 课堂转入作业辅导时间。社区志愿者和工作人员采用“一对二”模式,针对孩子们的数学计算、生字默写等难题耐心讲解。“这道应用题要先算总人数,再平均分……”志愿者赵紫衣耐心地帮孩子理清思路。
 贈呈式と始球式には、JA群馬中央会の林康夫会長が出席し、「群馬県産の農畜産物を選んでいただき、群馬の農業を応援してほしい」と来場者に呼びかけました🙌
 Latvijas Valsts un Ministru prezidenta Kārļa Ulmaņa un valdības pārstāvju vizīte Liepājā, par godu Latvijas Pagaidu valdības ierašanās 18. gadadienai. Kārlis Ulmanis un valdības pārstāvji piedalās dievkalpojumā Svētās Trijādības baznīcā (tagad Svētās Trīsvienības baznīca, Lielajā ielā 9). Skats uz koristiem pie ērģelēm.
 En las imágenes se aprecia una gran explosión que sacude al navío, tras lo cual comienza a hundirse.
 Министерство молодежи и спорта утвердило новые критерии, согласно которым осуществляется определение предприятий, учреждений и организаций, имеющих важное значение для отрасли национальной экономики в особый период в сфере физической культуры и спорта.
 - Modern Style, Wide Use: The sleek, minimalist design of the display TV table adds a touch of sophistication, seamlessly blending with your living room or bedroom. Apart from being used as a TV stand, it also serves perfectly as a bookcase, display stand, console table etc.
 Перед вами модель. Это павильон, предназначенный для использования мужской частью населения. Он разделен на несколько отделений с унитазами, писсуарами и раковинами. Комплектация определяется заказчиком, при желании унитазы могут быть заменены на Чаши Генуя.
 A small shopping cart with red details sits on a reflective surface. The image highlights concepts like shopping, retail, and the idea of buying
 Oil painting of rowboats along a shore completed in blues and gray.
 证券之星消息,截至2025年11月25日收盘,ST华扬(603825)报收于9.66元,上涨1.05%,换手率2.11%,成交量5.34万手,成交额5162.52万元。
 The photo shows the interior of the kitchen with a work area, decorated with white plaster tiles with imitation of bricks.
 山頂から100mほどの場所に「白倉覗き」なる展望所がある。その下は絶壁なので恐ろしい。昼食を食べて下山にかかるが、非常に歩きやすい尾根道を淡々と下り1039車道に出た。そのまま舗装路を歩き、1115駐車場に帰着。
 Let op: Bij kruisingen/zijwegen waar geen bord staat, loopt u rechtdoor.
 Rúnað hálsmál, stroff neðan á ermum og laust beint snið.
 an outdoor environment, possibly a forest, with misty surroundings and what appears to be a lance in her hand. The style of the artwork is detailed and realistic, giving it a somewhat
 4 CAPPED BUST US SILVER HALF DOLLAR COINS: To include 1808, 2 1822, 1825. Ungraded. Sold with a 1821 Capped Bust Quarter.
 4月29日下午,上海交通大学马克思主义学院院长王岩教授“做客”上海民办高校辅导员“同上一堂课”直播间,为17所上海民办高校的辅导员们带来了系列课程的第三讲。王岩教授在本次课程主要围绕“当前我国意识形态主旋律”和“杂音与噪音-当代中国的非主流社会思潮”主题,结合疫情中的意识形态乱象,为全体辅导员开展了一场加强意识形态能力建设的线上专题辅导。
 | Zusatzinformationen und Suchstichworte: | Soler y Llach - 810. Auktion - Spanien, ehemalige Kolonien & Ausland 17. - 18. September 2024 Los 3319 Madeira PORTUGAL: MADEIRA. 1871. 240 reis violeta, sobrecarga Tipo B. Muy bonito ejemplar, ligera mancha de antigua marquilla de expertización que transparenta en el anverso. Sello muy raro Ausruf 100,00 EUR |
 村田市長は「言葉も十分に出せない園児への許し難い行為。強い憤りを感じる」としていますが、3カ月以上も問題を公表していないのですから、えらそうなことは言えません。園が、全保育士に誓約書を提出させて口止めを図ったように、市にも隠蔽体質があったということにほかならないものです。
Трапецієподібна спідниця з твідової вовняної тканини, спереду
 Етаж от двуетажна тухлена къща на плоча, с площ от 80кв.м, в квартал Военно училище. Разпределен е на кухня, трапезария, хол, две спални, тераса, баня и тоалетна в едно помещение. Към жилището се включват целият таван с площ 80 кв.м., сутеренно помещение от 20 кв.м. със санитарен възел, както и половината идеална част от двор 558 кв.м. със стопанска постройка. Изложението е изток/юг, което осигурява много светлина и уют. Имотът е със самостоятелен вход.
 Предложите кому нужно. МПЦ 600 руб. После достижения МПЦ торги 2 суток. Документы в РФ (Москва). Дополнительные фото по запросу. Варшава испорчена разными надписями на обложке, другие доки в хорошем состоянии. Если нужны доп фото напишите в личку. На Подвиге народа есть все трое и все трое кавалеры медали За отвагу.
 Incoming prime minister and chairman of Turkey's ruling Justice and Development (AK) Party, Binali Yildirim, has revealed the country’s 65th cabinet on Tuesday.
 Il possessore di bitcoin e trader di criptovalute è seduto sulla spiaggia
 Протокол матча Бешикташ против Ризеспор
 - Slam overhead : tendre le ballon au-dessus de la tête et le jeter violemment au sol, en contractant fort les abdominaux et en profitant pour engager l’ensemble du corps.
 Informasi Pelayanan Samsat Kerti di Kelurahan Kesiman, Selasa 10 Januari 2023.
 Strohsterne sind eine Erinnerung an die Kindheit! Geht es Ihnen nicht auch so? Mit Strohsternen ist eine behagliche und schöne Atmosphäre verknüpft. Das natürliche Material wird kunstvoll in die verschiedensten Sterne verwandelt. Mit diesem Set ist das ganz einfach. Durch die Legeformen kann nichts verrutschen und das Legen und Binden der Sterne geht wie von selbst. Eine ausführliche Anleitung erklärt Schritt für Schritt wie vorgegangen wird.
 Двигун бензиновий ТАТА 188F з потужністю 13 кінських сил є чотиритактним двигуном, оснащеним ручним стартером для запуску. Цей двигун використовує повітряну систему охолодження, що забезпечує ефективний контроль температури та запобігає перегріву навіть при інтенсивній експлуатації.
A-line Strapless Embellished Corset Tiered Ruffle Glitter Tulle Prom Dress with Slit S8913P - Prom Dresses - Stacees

....................

Description of the task
The expected answer is an exact copy of the lines above, beginning at the line with "4月29日下午,上海交通大学" and ending at the line with "Трапецієподібна спідниця з", with both ends in.

Exercise solution
 4月29日下午,上海交通大学马克思主义学院院长王岩教授“做客”上海民办高校辅导员“同上一堂课”直播间,为17所上海民办高校的辅导员们带来了系列课程的第三讲。王岩教授在本次课程主要围绕“当前我国意识形态主旋律”和“杂音与噪音-当代中国的非主流社会思潮”主题,结合疫情中的意识形态乱象,为全体辅导员开展了一场加强意识形态能力建设的线上专题辅导。
 | Zusatzinformationen und Suchstichworte: | Soler y Llach - 810. Auktion - Spanien, ehemalige Kolonien & Ausland 17. - 18. September 2024 Los 3319 Madeira PORTUGAL: MADEIRA. 1871. 240 reis violeta, sobrecarga Tipo B. Muy bonito ejemplar, ligera mancha de antigua marquilla de expertización que transparenta en el anverso. Sello muy raro Ausruf 100,00 EUR |
 村田市長は「言葉も十分に出せない園児への許し難い行為。強い憤りを感じる」としていますが、3カ月以上も問題を公表していないのですから、えらそうなことは言えません。園が、全保育士に誓約書を提出させて口止めを図ったように、市にも隠蔽体質があったということにほかならないものです。
Трапецієподібна спідниця з твідової вовняної тканини, спереду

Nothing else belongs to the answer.